“Working with Knickerbocker Mfg. Co., for me, is about the pursuit of original artistic expression and promoting high quality clothing, while simultaneously protesting the enticing comforts of sameness, which work to water down our life. Make it strong, make it loud, and make it last.” — Pokey LaFarge
I first learned of Pokey LaFarge from a photographer friend, Nate Burrell. While scrolling through his beautiful Instagram feed of shows, BTS of festivals, and musicians, there’s a particular gentleman that became familiar. Was he a friend, a muse, or a little of both? I didn’t know. But everything from his posture to his surroundings, hair, and clothing screams style and vibe of a generation long gone. I understood why this gent was a reoccurring subject in Nate’s photos. Curiosity got the best of me, and I got to know (thanks Google!) the sound and style of Pokey LaFarge.
Within our world of ever-changing trends, Pokey LaFarge has somehow held fast to a sound and style he identified with early on. For him, style seems to radiate from the core and reach into every aspect of his being. He credits hometown St. Louis artist Nicolas Africano with opening his eyes to what he believes style to be — a reflection of who a person is and not just the layers you wear. Pokey’s duds are very specific and, after sharing a late morning with him at Grimey’s New & Pre-Loved Music, I’d say they describe him well.
The day I met up with Pokey to talk style and snap a few photos, his look had a fresh-off-the bus feel with a sharp-dressed outfit that was reminiscent of a polished up, early 20th-century, American blue collar worker. My thoughts went to workout and lounge clothing … Are those “on brand,” too? If so, I’m envious. Our meet was just before his haircut appointment, so he excused his hair and said a hat was necessary. Being a hat lover, this was music to my ears. Below the Newsy hat, he was sporting a fitted, white button-down; blue, belted chinos (blue, always blue) that rested higher on the hip than today’s trendy low-rise chinos; striped socks; flat, lace-up canvas tennis shoes; and nearby was his denim chore coat. Nothing flashy, yet he stood out. Just about everything — sans socks, shoes, and skivvies — was part of a clothing collaboration with Knickerbocker MFG Co.
Knickerbocker MFG Co. is an American-made clothing manufacturer rooted in tradition and community — a company that is going to take the long route creating a piece, if it means creating something that’s in line with their values and that will honor those in their craft who came before them. When you read about the company, there is hardly anything written about the threads. It’s all about the roots, values, and people involved. The more time I spent speaking with Pokey, the more intriguing I found this collaboration. Sure, I could chalk it up to a man and a company, two old souls working together, but it’s more than that.
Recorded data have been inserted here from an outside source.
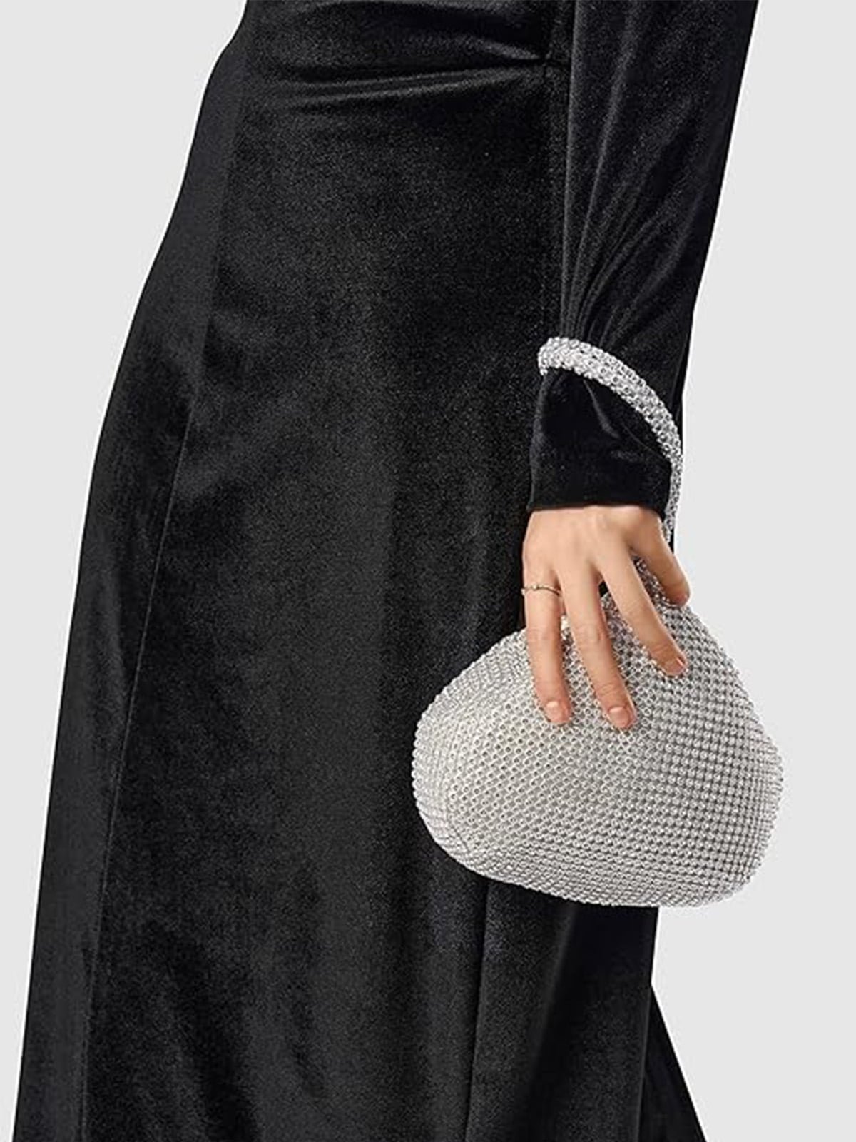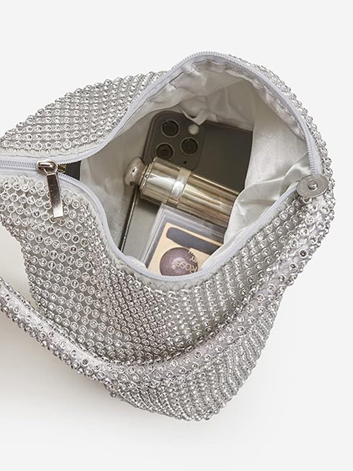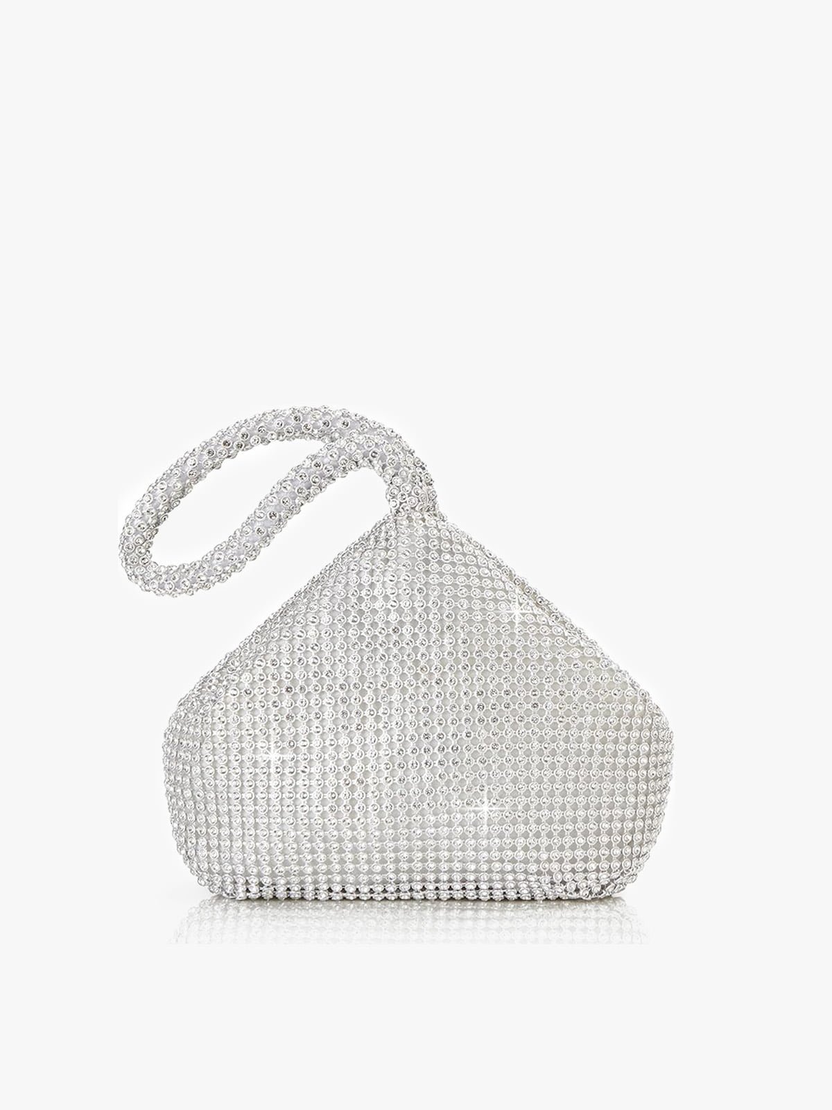 The Crystal Prism Pouch is a stunning rhinestone glitter evening bag, featuring a sleek geometric design adorned with shimmering rhinestones. Its spacious interior holds all your essentials, while the sparkling exterior adds a touch of glamour, making it perfect for special occasions.
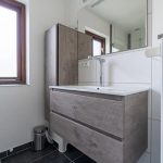 Waschbecken, Föhn und kleinem Schrank, und Eine separater Toilette mit Waschbecken.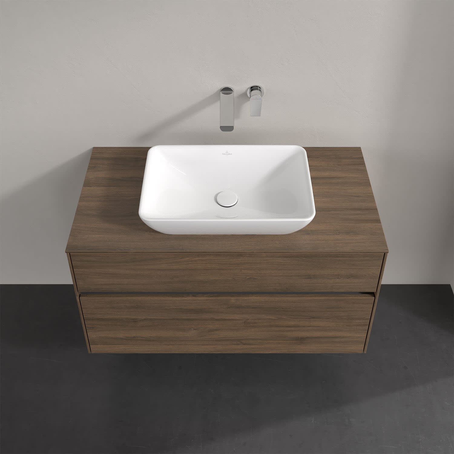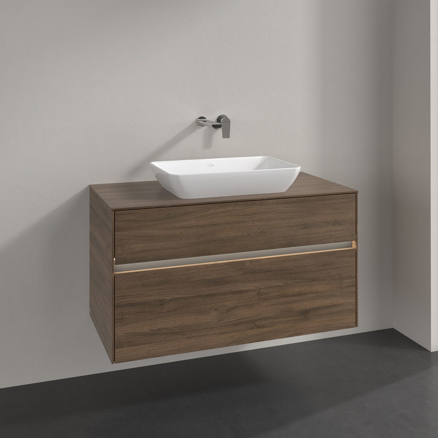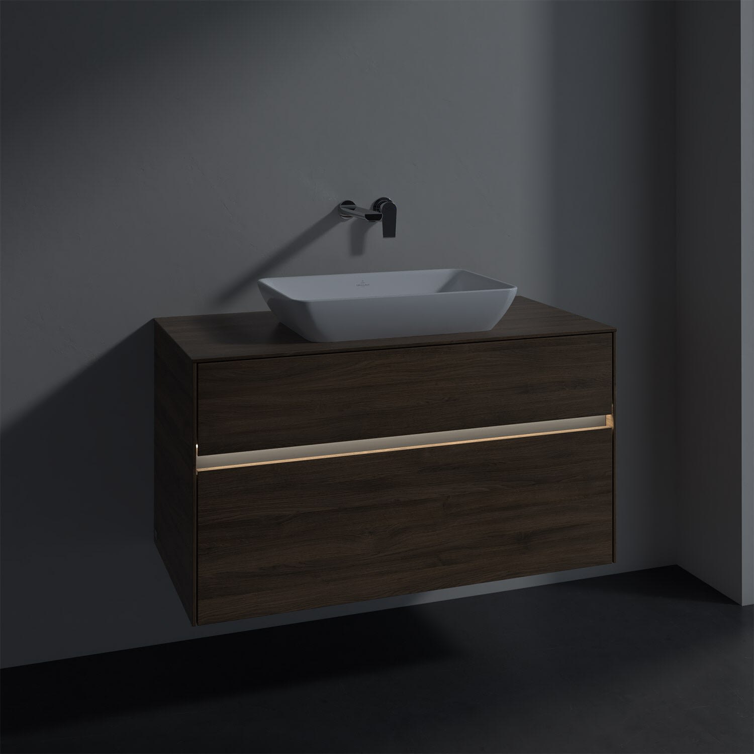 Villeroy & Boch Collaro Waschtischunterschrank 100 x 50 cm, mit 2 Auszügen und LED-Beleuchtung für Venticello Waschtisch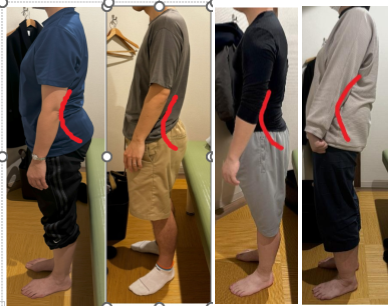 【左:胸張り癖が長期間あり、肩の高さが左右で違い、下腹部が出っ張っている】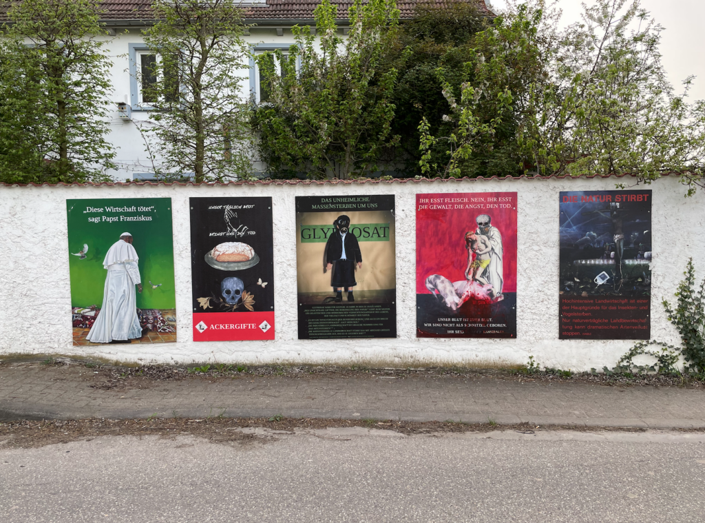 Als er auf die Idee kam, seine Hofmauer als „Outdoor Gallery“ zu nutzen, indem er fünf großformatige Plakate aus seiner Serie „Das Anthropozän – das große Sterben“ daran ausstellte, darunter auch welche, die die konventionelle Landwirtschaft mit fürs Artensterben verantwortlich machten, wurden mehrere davon zerstört. Das kunstfeindliche Verhalten fand Eingang in eine Anfrage der CDU im Ortschaftsrat, die Bilder könnten verstörend wirken, „vor allem für Kinder“, hieß es zur Begründung, die Verwaltung wurde aufgefordert zu prüfen, ob die Plakataktion zulässig ist. Sie sei es, befand das Landratsamt, und die Regionalzeitung berichtete ausführlich.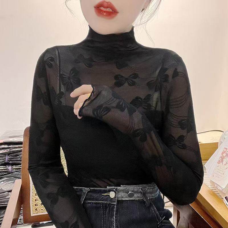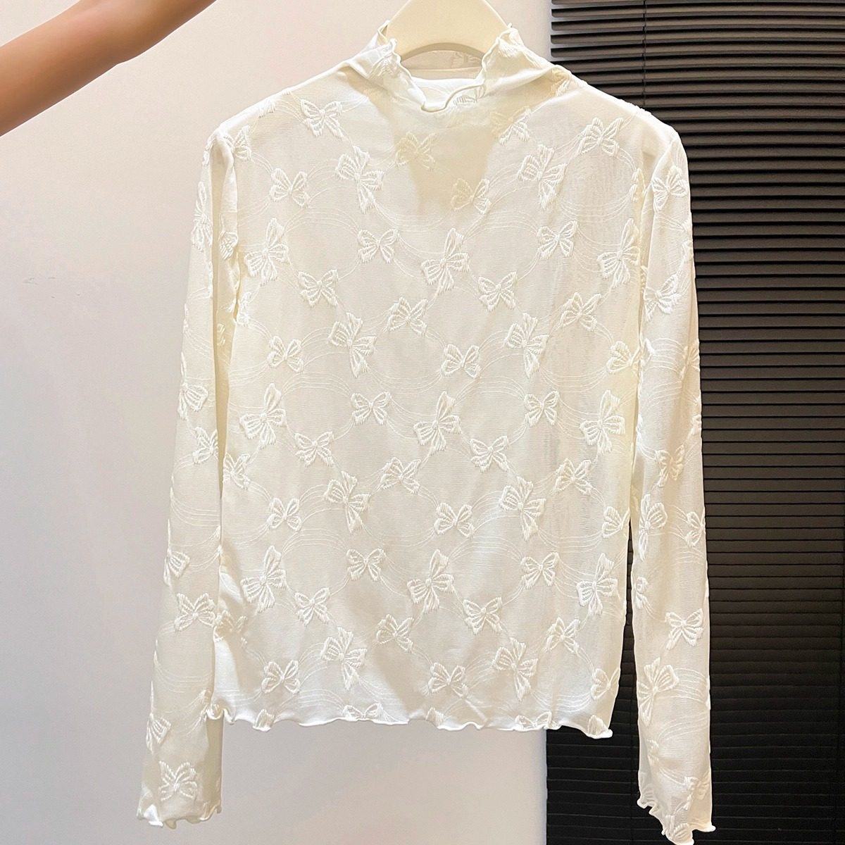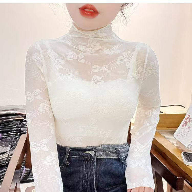 春季 女秋冬叠穿毛衣内搭网纱提花高级感上衣洋气 木耳领蕾丝打底衫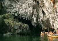 在新村湖邊還有一個長1429米,由3個不同形態的大廳組成的溶洞。當地傳說此洞曾為“仙人洞府”,自然造化了雄鷹、神龍、猛虎等諸獸。當地農家百姓每逢婚喪娶嫁,便向仙人借用家具。但一些貪者用后不還,神仙因而怒走他鄉,留下諸獸變成石頭形狀于洞中,因此典故洞名為“仙人洞”。我們從湖面劃船直達洞口。那洞口似圓形,走進60米左右,便是第一個方圓1800多平方米,高40多米的“大廳”,廳內鐘乳石形似飛禽走獸,山川景物,千姿百態。特別引人注目的是那條長14米,高1.2米的巨龍,龍鱗片片,龍頭有一獨角,龍嘴象一條金魚,嘴里淌著水,游人到此都會爬上龍頭痛飲一口,我也爬上龍頭喝了一大口,這湖水甘甜清涼,很有一番滋味。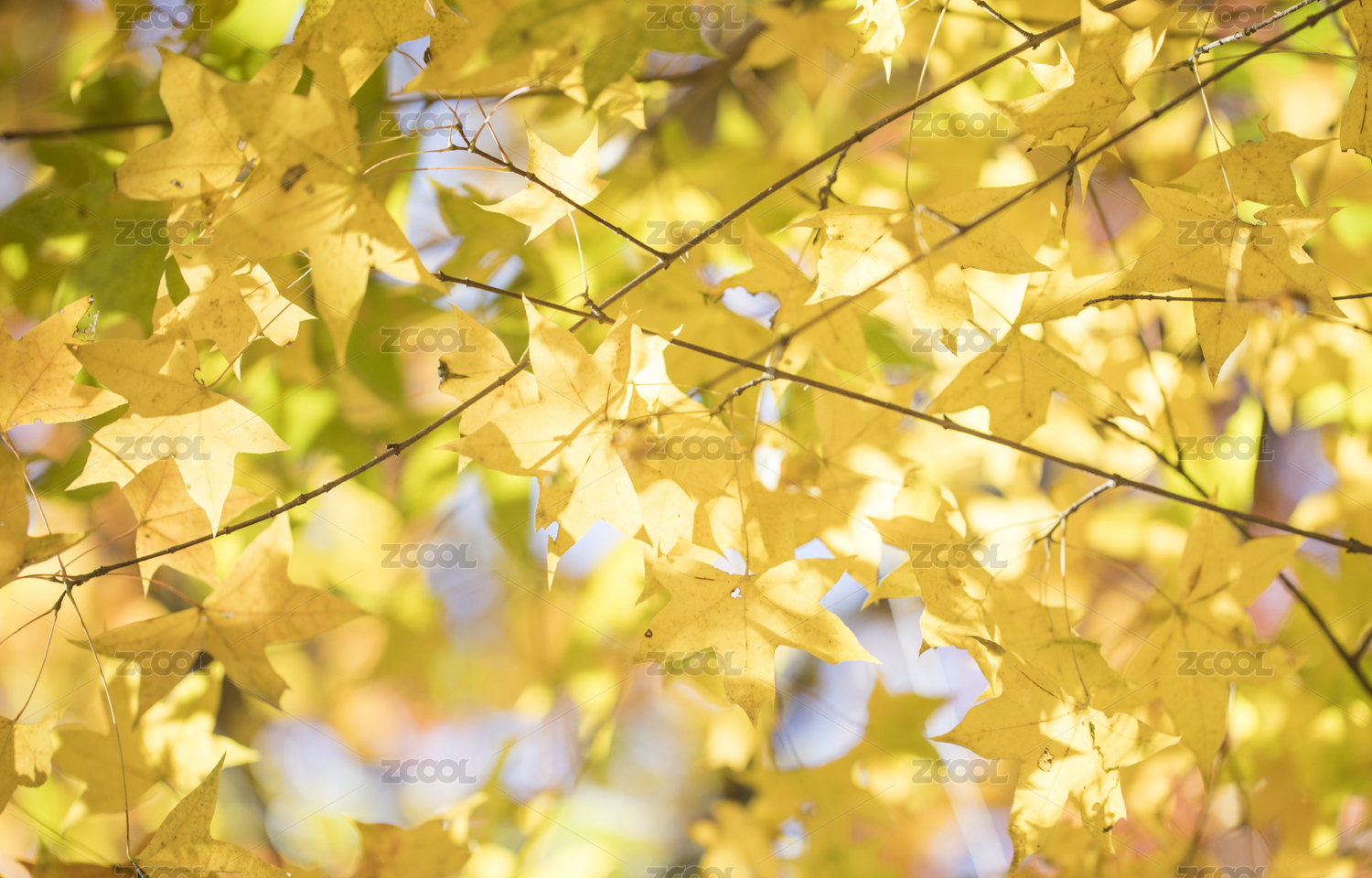 深秋逆光照耀下晶莹剔透的金黄色枫叶

It’s a man and the folks from a company working together to celebrate the character, charm, and quality in these hand-made American staples of the past.
While we sifted through records — and I clicked away on the camera — conversation with Pokey was something of the past. He didn’t respond to my questions with the usual quick, programmed, auto-responses that, sadly, I expect from a new acquaintance. Pokey took his time. His facial expressions revealed if I had asked something too trite, and yet he would pause, gather, and deliver a thoughtful response. It caught me off guard and made me think: With conversation at our fingertips (emails, texts, social media), how much of my face-to-face conversations have dwindled down to abbreviations where there was once the art of conversation?
Style, class, and vibe are shining from the core of Pokey LaFarge, and I happily learned a thing or two about it that day. Oscar Wilde said, “One should either be a work of art or wear a work of art.” Pokey LaFarge is both.